I’ve always been a pacifist and a former educator who cherishes children. Yet, there are moments when I feel the impulse to strike.

Unforeseen Challenges

Before becoming a parent, I was unaware of the challenges that would arise—like the emotional toll of miscarriages that several of my friends and I have faced. I didn’t anticipate the feeling that any energy I devote to my kids comes directly from my own well-being. I often find myself suppressing the instinct to say things like “be careful” or “hurry up.”

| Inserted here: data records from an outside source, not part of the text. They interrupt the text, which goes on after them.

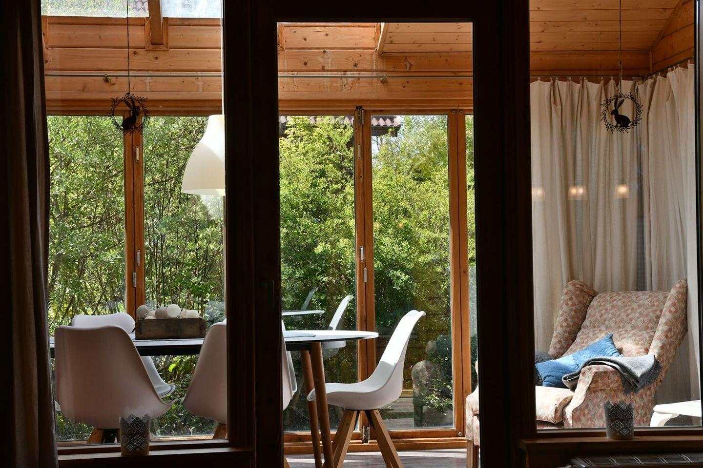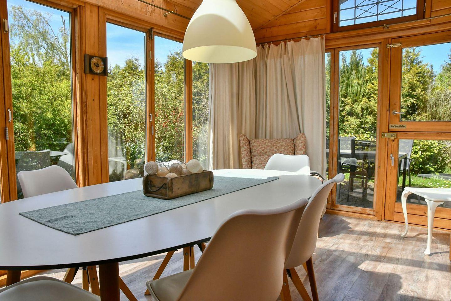 Der offene Wohn- und Essbereich bildet das Herz des Hauses. Große Fenster sorgen für viel Tageslicht und einen schönen Blick in die Natur. Mach es dir auf dem Sofa gemütlich, genieße einen Filmabend oder verbringe entspannte Stunden mit Familie und Freunden am Essbereich. Der an das Wohnzimmer angrenzende Wintergarten lädt zum Verweilen in geselliger Runde oder zum Lesen eines Buches ein.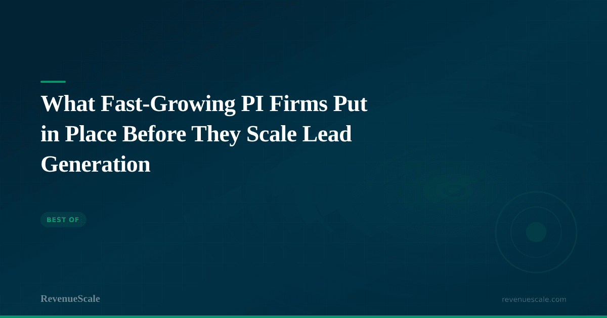 The fastest-growing PI firms we observe do not scale first and build infrastructure second. They build the infrastructure, confirm it is working at current scale, and then accelerate. This article covers what that infrastructure looks like — specifically the revenue intelligence components that determine whether scaling lead generation produces case volume or just spend.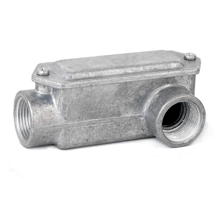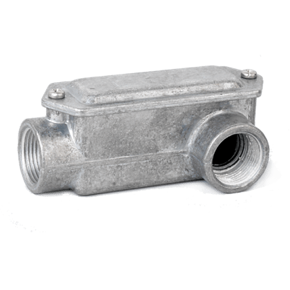 Scatole di infilaggio a due vie destre, pressofuse in lega di alluminio UNI EN 1706 (ex UNI 4514) con imbocchi filettati. Sono prodotte a due, tre e quattro vie, con imbocchi in asse o perpendicolari, per meglio assecondare le esigenze di installazione. I coperchi sono avvolgenti e le guarnizioni piane assicurano una tenuta stagna IP55. I coperchi vengono forniti in lega di allumino pressofuso (tipo B). Le viti di fissaggio del coperchio e di messa a terra sono prodotte in acciaio zincato, a richiesta possono essere fornite in acciaio inox AISI 304. Per una corretta esecuzione dell’impianto elettrico, le scatole di infilaggio andrebbero installate ogni 4 tratte rettilinee di tubo, per evitare rischi di danneggiamento dell’isolamento durante l’infilaggio dei cavi. La filettatura è: GAS cilindrico UNI ISO 228.

And then there are the more destructive urges. “Don’t shake the baby” seems like a simple directive, yet in moments of overwhelm, I just want the crying to stop. It’s difficult to maintain perspective, especially during exhausting days, and realize that the baby’s safety is paramount.

Managing Frustration

With my older children, even when I keep that perspective in mind, the urge to lash out remains. It feels instinctual, almost reflexive, akin to flinching when something is thrown at you. Learning to stand firm takes practice, yet nobody prepares you for these feelings of frustration. Parenting classes focus on first aid or dealing with external threats, but they don’t address what happens when you feel like you are the source of danger.

Many of us navigate this challenge on the job, learning to manage our desires to lash out without acting on them. Sometimes that energy gets redirected—we might kick a toy or slam a door instead.

The Importance of Self-Control

Child abuse is reprehensible, and we must harness every ounce of self-control and societal pressure to prevent it. I never understood how it could occur until I became a parent myself. While I don’t resort to violence, I understand how it can happen. Just don’t do it. Ever. This advice may sound simple, but it’s incredibly challenging.

Conclusion

In conclusion, parenting is filled with unanticipated urges and emotions. It’s crucial to find constructive ways to cope and channel frustrations without resorting to violence. If you’re navigating similar feelings, remember that you’re not alone, and seeking resources can help. For more information on home insemination, check out this article. For insights into infant care, you can refer to this review. Additionally, for a comprehensive guide on pregnancy and related topics, visit this excellent resource.